Upper Urinary Tract Imaging

Upper urinary tract imaging (i.e., by ultrasonography, computed tomography, or intravenous pyelography) and urethrocystoscopy are not indicated for routine cases of LUTS attributable to BPH.³³

Cystoscopic findings in particular have not correlated well with the severity of symptoms of bladder outlet obstruction. Such studies should be reserved for selected patients with findings such as microscopic hematuria.
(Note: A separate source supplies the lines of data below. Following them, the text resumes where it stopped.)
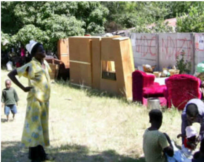
Many of the victims displaced by the violence are women and children.
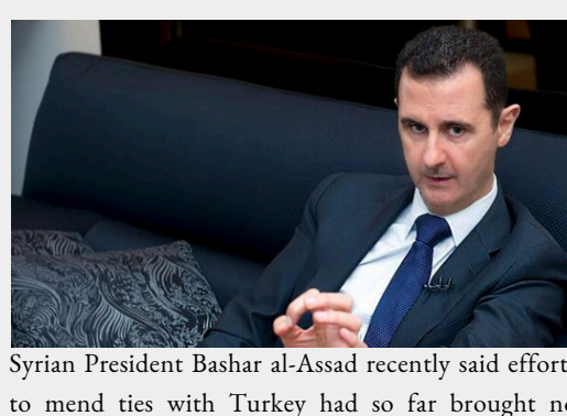
Syrian President Bashar al-Assad recently said efforts to mend ties with Turkey had so far brought no tangible results.

Russian Foreign Minister Sergei Lavrov announced that the four nations are planning to hold a high-level meeting soon to discuss the normalisation of relations between Ankara and Damascus. This meeting is expected to build on earlier discussions aimed at easing tensions between Turkey and Syria.
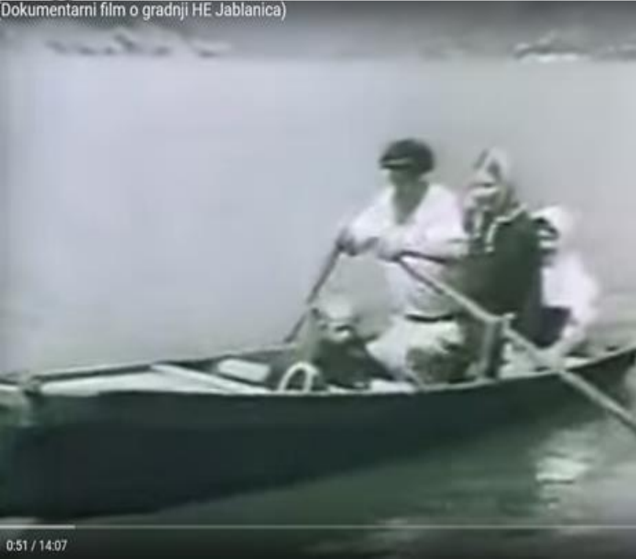
Dokumentarni film o gradnji HE Jablanica)
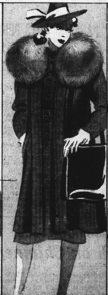
Wolf Trim 3-Pc. Wardrobe Suit

Silvered Fox trimmed fitted coat with sailor collar. Striped Onde' weave fabric in black. Size 13 . . . . . $28.00
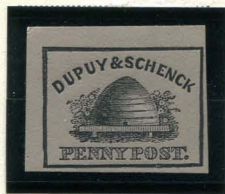
FORGERY A SCOTT 1c BLACK ON GRAY SC (60L2)

Dupuy & Schenck forgeries produced by Scott are known as "forgery A".
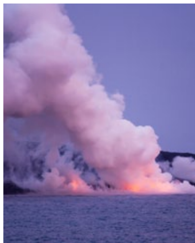
Volcanic splendor on Hawaii, the Big Island
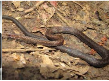
37 Taeniophallus brevirostris COLUBRIDAE
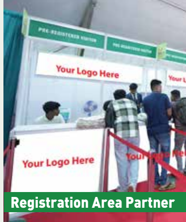
Registration Area Partner
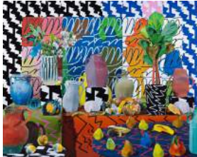
DANIEL GORDON Still Life with Fruit and Ficus, 2016 PIGMENT PRINT ON LUSTER PAPER ED. 1/3 + 1 AP 150.5 X 188 CM ( 59 1/4 X 74 INCH ) GORDO571017
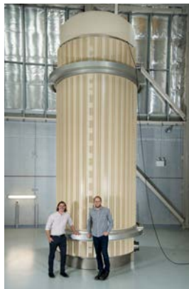
The TN-81 Intermediate-level waste canister.
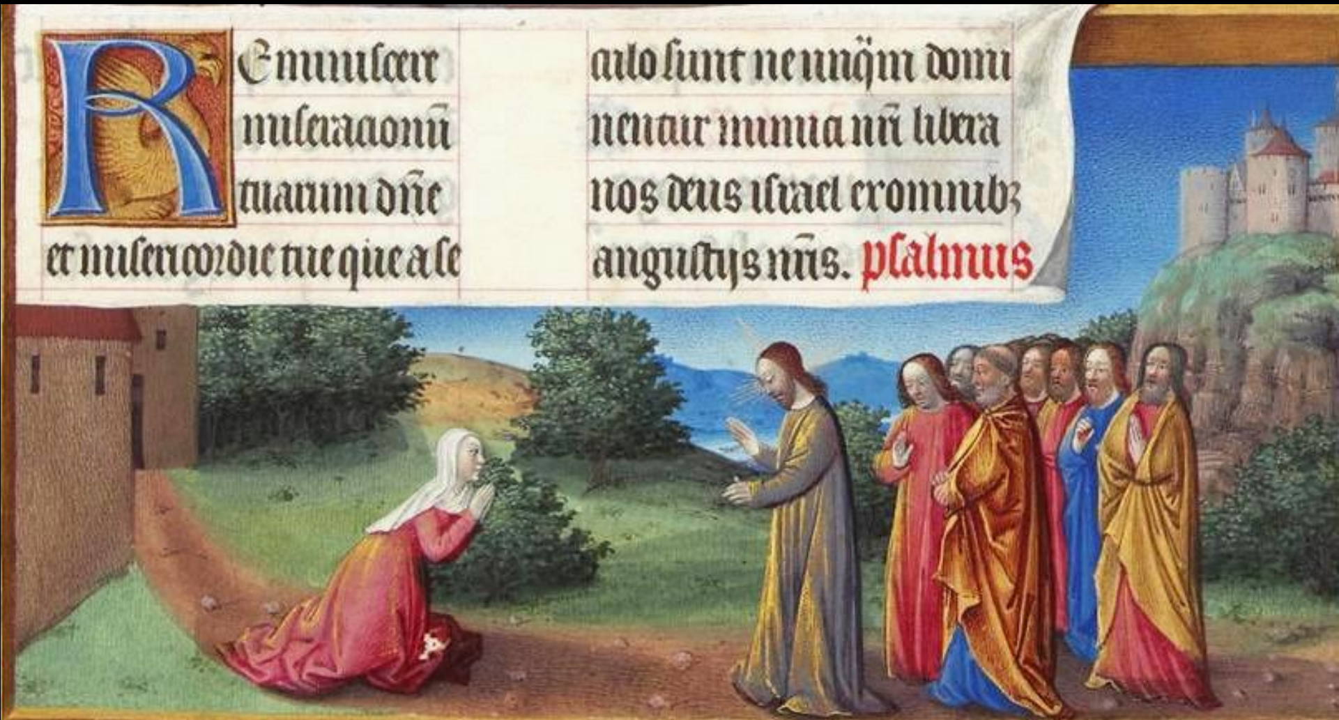
The Canaanite Woman -- Tres Riches Heures du duc de Berry, Musée Condé, Chantilly, France
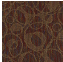
392 Fire Breather
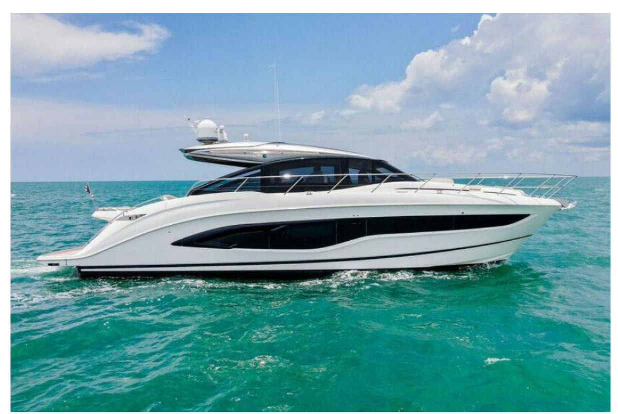
2020 Princess V55 - Baskin in the Sun - Main Profile
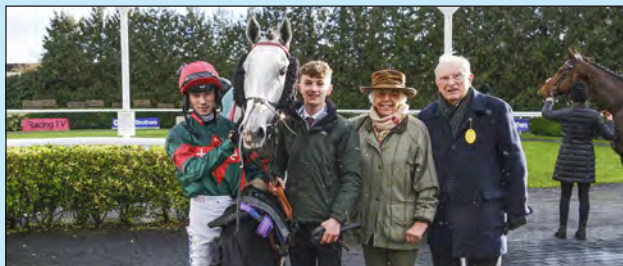
GRENHAM BAY was our busiest horse this year
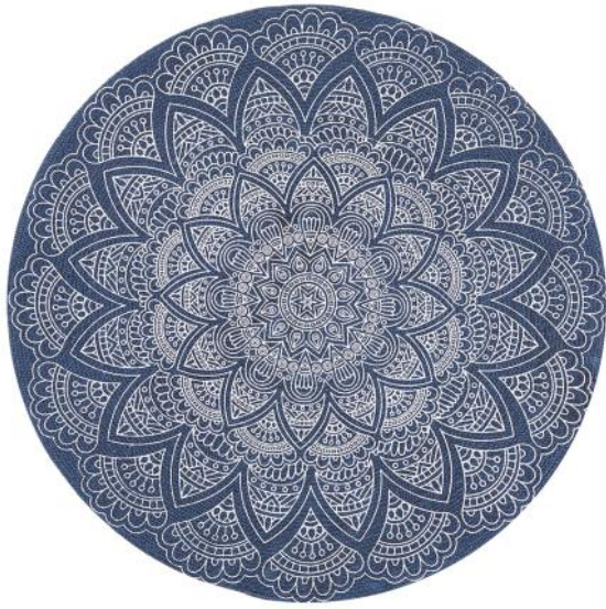
LUN - 206 - BLUE
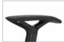
Fixed nylon, graphite
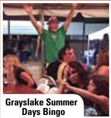
Grayslake Summer Days Bingo
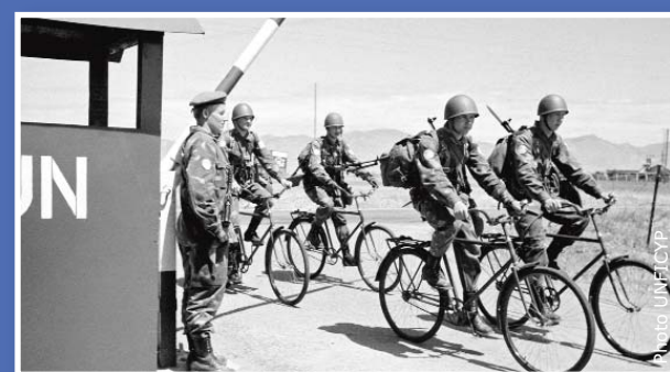
UNFICYP Finnish soldiers in May 1964 cycling to Nicosia from Dhekelia, a distance of over 190 km.
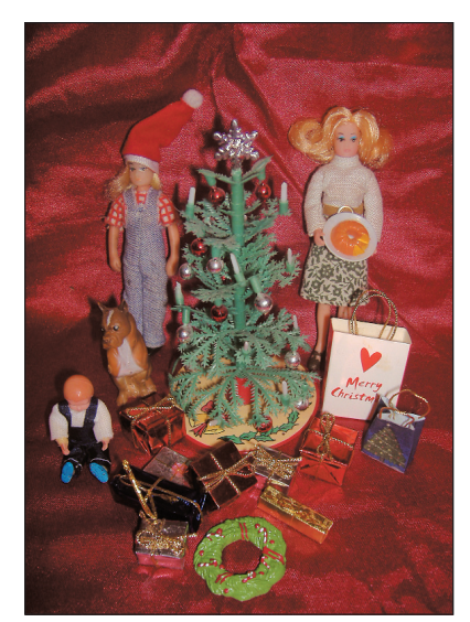
Caitlin's doll's house box of spares yielded a charming scene around the Lundby Christmas tree.
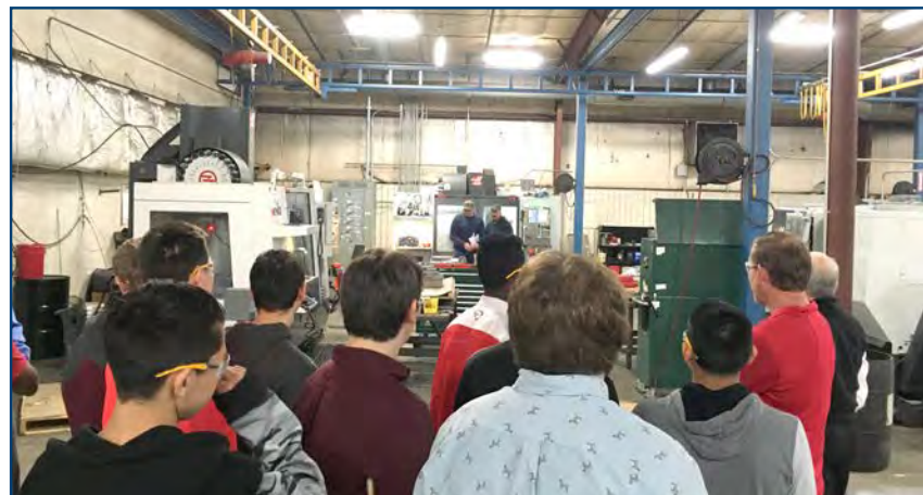
Students tour the Chappell Central facility in Willmar.

Businesses that participated were RELCO, Nova-Tech Engineering, Inc., Lange Ag Systems, Inc., Epitepox, Jennie-O Turkey Store, Central Minnesota Fabricating, West Central Steel, and Chappell Central. The business leaders contributed to the event by paying for busing, providing tour guides and submitting material for a video that was created to further showcase local manufacturing. The tours were in preparation for career education and exploration training provided to all high school students and was planned and supported by the EDC's Business Retention and Expansion/Recruitment Committee and the Willmar Lakes Area Vision 2040 Goal Two, which is Economic Diversity. Willmar High School hopes to continue the tours in upcoming years.
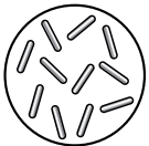
rod-shaped, e.g. causing anthrax
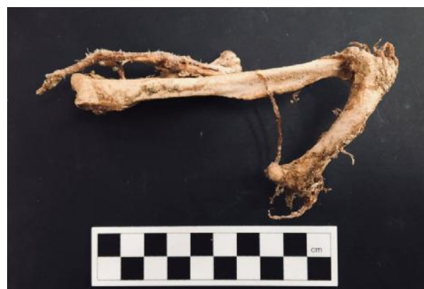
Fig. 1. An articulated great auk ( Pinguinus impennis ) leg fragment recovered at the Covesea Caves, north-east Scotland. Left to right: tarsometatarsus, fibula, tibiotarsus, and femur (Trench 4, Context 406, Covesea Cave 2).

Remains of the great auk have been identified in three of the four caves investigated. However, only one individual specimen was found at both Covesea Cave 1 and the Sculptor's Cave, with the overwhelming majority deriving from Covesea Cave 2. Preservation of the remains overall was consistently excellent, with little to no weathering or fragmentation. One recovered specimen represented the remains of an articulated "leg", including tibiotarsus, femur, fibula, and tarsometatarsus (Fig. 1). In addition, some bones still had the remains of soft tissue adhering to them (Fig. 2). Unfortunately, most of the great auk fragments derived from unstratified or mixed deposits (Table 1) but in Covesea Cave 2 five fragments were attributed to stratified contexts of Neolithic/Bronze Age (N = 2) or Medieval/Post-Medieval date (N = 3).
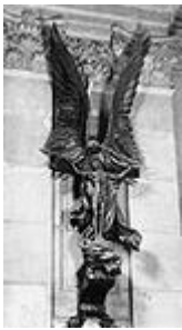
Fig. 30. Princess Louise Caroline Alberta, Boer war memorial , 1899-1905. Bronze. London, Saint Paul's Cathedral, Southern transept.
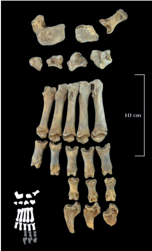
Figure 4. Left hand of the brown bear from Noordwijk (detail of figure 3). In the bottom left corner of the picture the grey fragments show the skeleton elements (distal phalanges) of which the position is uncertain.

The material was checked by A. Verbaas for macroscopic traces such as cut marks and traces of gnawing that could possibly provide insights into the taphonomic history of the find. No traces were found and this suggests an undisturbed deposition with little or no access by carnivore scavengers.
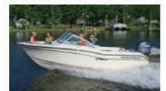
Freedom 192 (2015-)
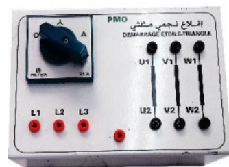
Starter Etoile triangle for asynchronous machine

For engine of power less than or equal to 500W didactic version
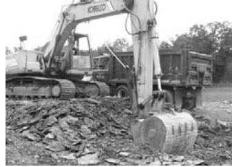
Kobelco SK150 excavator, 6700 hrs., hyd. thumb, runs great, $24,500.
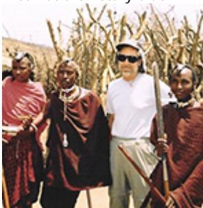
With the Masai
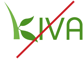
Don't swap Kiva greens
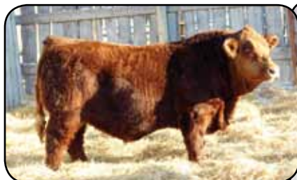
full brother Sunny Valley Gambler 84G

Once the clinician has made a working diagnosis of LUTS attributable to BPH and when the patient is sufficiently bothered by his symptoms to at least consider therapy, the initial management choice is usually between watchful waiting and medical therapy. Traditionally, medical therapies for LUTS attributable to BPH include alpha blockers and 5a-reductase inhibitors. Many patients try complementary and alternative medical treatments of prostate problems, especially phytotherapies. Growing appreciation of the role of detrusor overactivity in men with particularly bothersome filling symptoms such as urgency and urge incontinence has led to trials of anticholinergic agents in such men, even when bladder outlet obstruction is suspected.

Watchful Waiting

When the bother of a patient's LUTS is not sufficient, in his mind, to justify the potential side effects, costs, and inconvenience of medication, watchful waiting is the optimal management strategy. Although virtually all patients with mild symptom scores (i.e., an IPSS from 0 to 7 points) choose this course, it is also a reasonable course for patients with moderate or severe symptoms who are not very bothered by them. Patients should be advised to take lifestyle measures to improve symptoms, such as avoiding fluids, particularly beverages containing caffeine, before bedtime. They should also avoid medications that might worsen LUTS, including nonprescription ones [see History, above]. A recent small trial of a self-management program that focused on lifestyle changes showed impressive effects in older men with LUTS; improvements in symptom scores over 1 year were similar to those seen in trials of medical therapies.³⁴

Figure 4. Four-year Outcomes in BPH

Men should report worsening symptoms, particularly if they are feeling more bothered by their symptoms. Although, on average, symptoms can be expected to gradually increase, individual courses are quite variable, and some men note improvement over time [see Figure 4].³⁵ A natural history study has shown little symptomatic or urodynamic deterioration in men with proven bladder outlet obstruction who were followed without active treatment for 10 years or longer.³⁶

Medical Treatment

Alpha Blockers

Alpha₁-adrenergic blockers work primarily through relaxation of prostatic smooth muscle and relief of the dynamic component of bladder outlet obstruction. However, additional mechanisms have been proposed, including increased apoptosis of prostatic cells. Alpha blockers neither reduce prostate size nor lower PSA levels. Their onset of action is relatively rapid, although some alpha blockers require dose titration to achieve a maximal therapeutic effect while minimizing side effects. Many patients have hypertension and BPH, and both problems may be treated with an alpha blocker; however, data strongly suggest that alpha-blocker monotherapy is not optimal treatment for hypertension.³⁷

Many randomized trials have documented the efficacy of alpha blockers over placebo in studies lasting up to 4 years.^38,39 For example, in a large trial, over 2,000 men were randomized to receive either placebo or terazosin in doses of up to 10 mg daily. IPSS scores dropped about 8 points with the alpha blocker and about 4 points with placebo.⁴⁰ Such data highlight the impressive magnitude of the placebo effect on LUTS. Some of this placebo effect is attributable to regression toward the mean, which is seen when men with particularly marked symptoms are recruited into trials. In clinical practice, patients perceive their change in symptoms from baseline, so their improvement results from a combination of the pharmacologic benefit of the intervention with these other effects. The therapeutic effect of the alpha blockers is independent of prostate size.⁴¹ As is true of all treatments for men with symptoms attributed to BPH, the men with the highest symptom scores can expect the greatest absolute decrease in their symptom scores with alpha blockers. Therefore, many men with symptom scores in the severe range benefit from a therapeutic trial of alpha blockers before consideration is given to more invasive treatment.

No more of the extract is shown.